--- Information provided ---
━━━

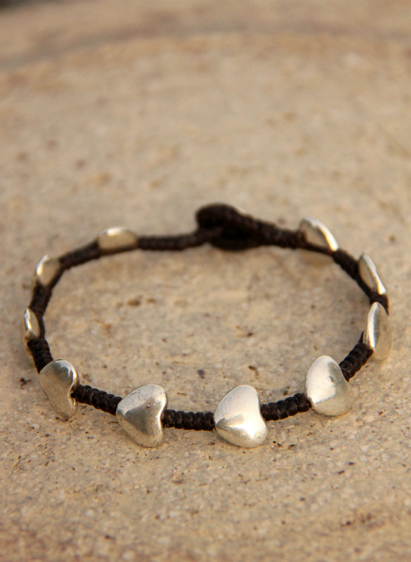 Originální náramek v jednoduchém provedení. Pro obvod zápěstí 17-18,5 cm. Zapínání na knoflíček a poutko. Kovové korálky (barva: stříbrná patina) jsou navlečeny na povoskované šňůrce.
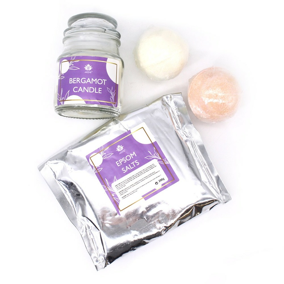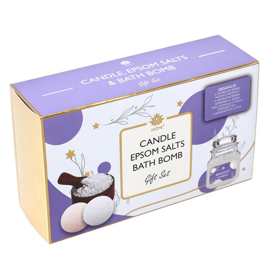 1x vonná sviečka s vôňou bergamotu, 85 g, doba horenia až 20 hodínKúpeľovú bombu stačí pridať do teplej tečúcej kúpeľovej vody a môžete si užívať príjemnú šumivú vôňu.Epsonská soľ má pozitívne účinky na telo, zmierňuje stres a hydratuje pokožku. Použitie epsonskej soli je ľahké, stačí pridať do kúpeľa a rukou rozmiešať, aby sa lepšie rozpustila.Vonná sviečka s vôňou bergamotu pomôže navodiť relaxačnú atmosféru a prevonia celú kúpeľňu alebo obývaciu izbu.Súprava je balená v darčekovej krabičke a je tak vhodná ako skvelý darček.
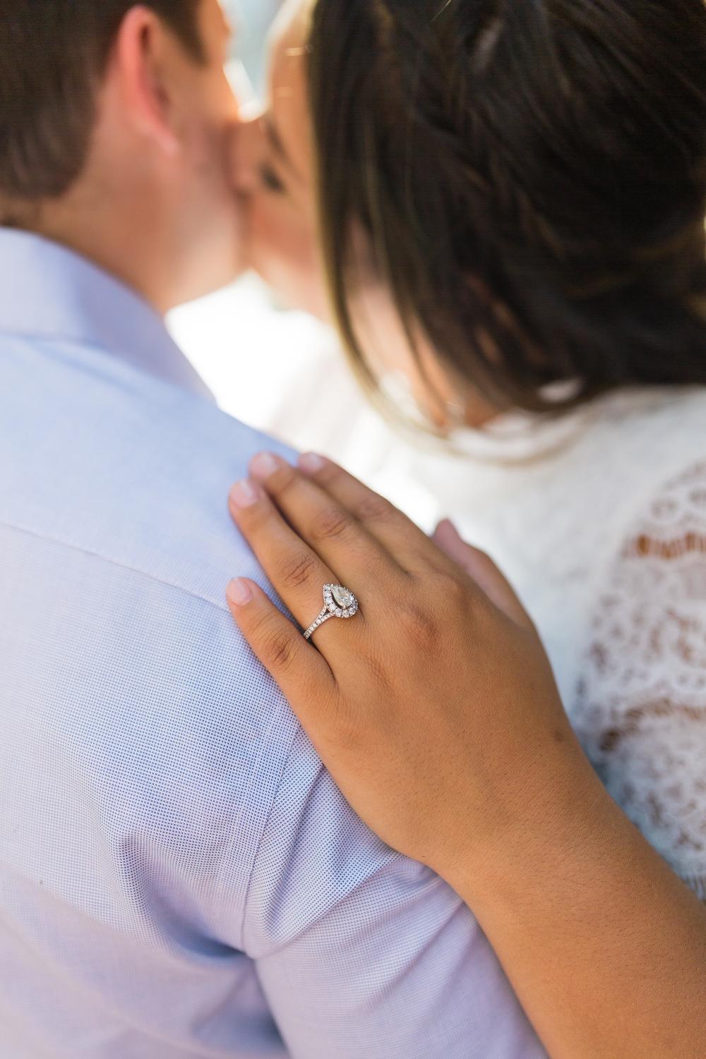 "Danny had some help from me when picking out the ring. However, I was not there when he bought it!" Rachel shares. "My favorite thing about the ring is that it matched exactly what I had envisioned without me ever seeing it until the proposal." Danny and Rachel went shopping for an engagement ring to get the right size for Rachel, and she gave a little input. She wanted a pearl-cut diamond with a halo, and Danny, with the help of his mom, knocked it out of the park!
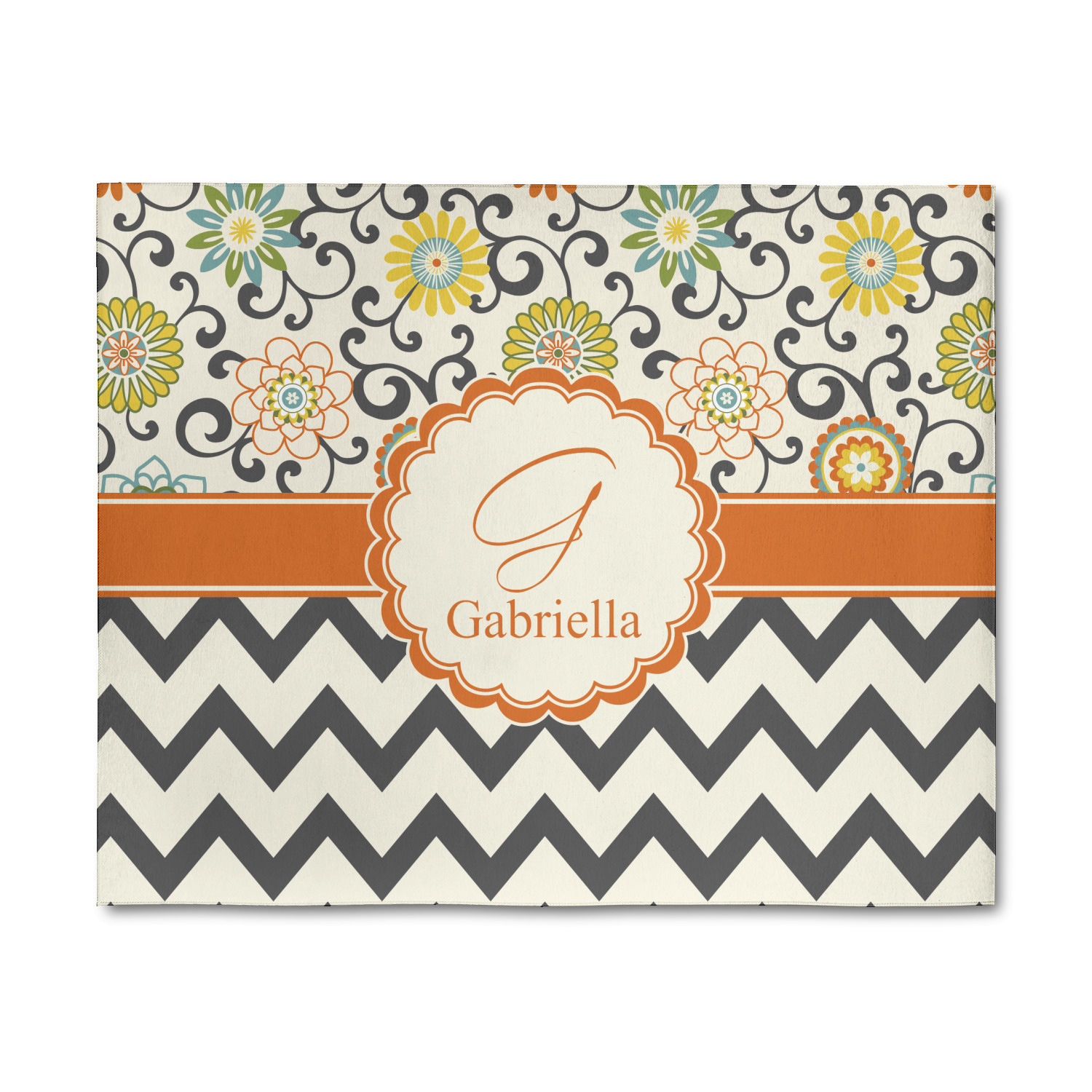 Love those 1970 retro colors but don't love the designs that come with the look? We have brought retro back to being relevant with this gorgeous swirls and floral pattern with a modern chevron pairing. The top of the design renews the orange, green, blue, and yellow but adds a modern twist by using dark gray. The floral pattern is set on a background of white to make this print come to life. The bottom of the design has the classic dark gray and white chevron print

━━━

Everything in the data above, apart from the pictures, should be retyped exactly.

 Originální náramek v jednoduchém provedení. Pro obvod zápěstí 17-18,5 cm. Zapínání na knoflíček a poutko. Kovové korálky (barva: stříbrná patina) jsou navlečeny na povoskované šňůrce.
 1x vonná sviečka s vôňou bergamotu, 85 g, doba horenia až 20 hodínKúpeľovú bombu stačí pridať do teplej tečúcej kúpeľovej vody a môžete si užívať príjemnú šumivú vôňu.Epsonská soľ má pozitívne účinky na telo, zmierňuje stres a hydratuje pokožku. Použitie epsonskej soli je ľahké, stačí pridať do kúpeľa a rukou rozmiešať, aby sa lepšie rozpustila.Vonná sviečka s vôňou bergamotu pomôže navodiť relaxačnú atmosféru a prevonia celú kúpeľňu alebo obývaciu izbu.Súprava je balená v darčekovej krabičke a je tak vhodná ako skvelý darček.
 "Danny had some help from me when picking out the ring. However, I was not there when he bought it!" Rachel shares. "My favorite thing about the ring is that it matched exactly what I had envisioned without me ever seeing it until the proposal." Danny and Rachel went shopping for an engagement ring to get the right size for Rachel, and she gave a little input. She wanted a pearl-cut diamond with a halo, and Danny, with the help of his mom, knocked it out of the park!
 Love those 1970 retro colors but don't love the designs that come with the look? We have brought retro back to being relevant with this gorgeous swirls and floral pattern with a modern chevron pairing. The top of the design renews the orange, green, blue, and yellow but adds a modern twist by using dark gray. The floral pattern is set on a background of white to make this print come to life. The bottom of the design has the classic dark gray and white chevron print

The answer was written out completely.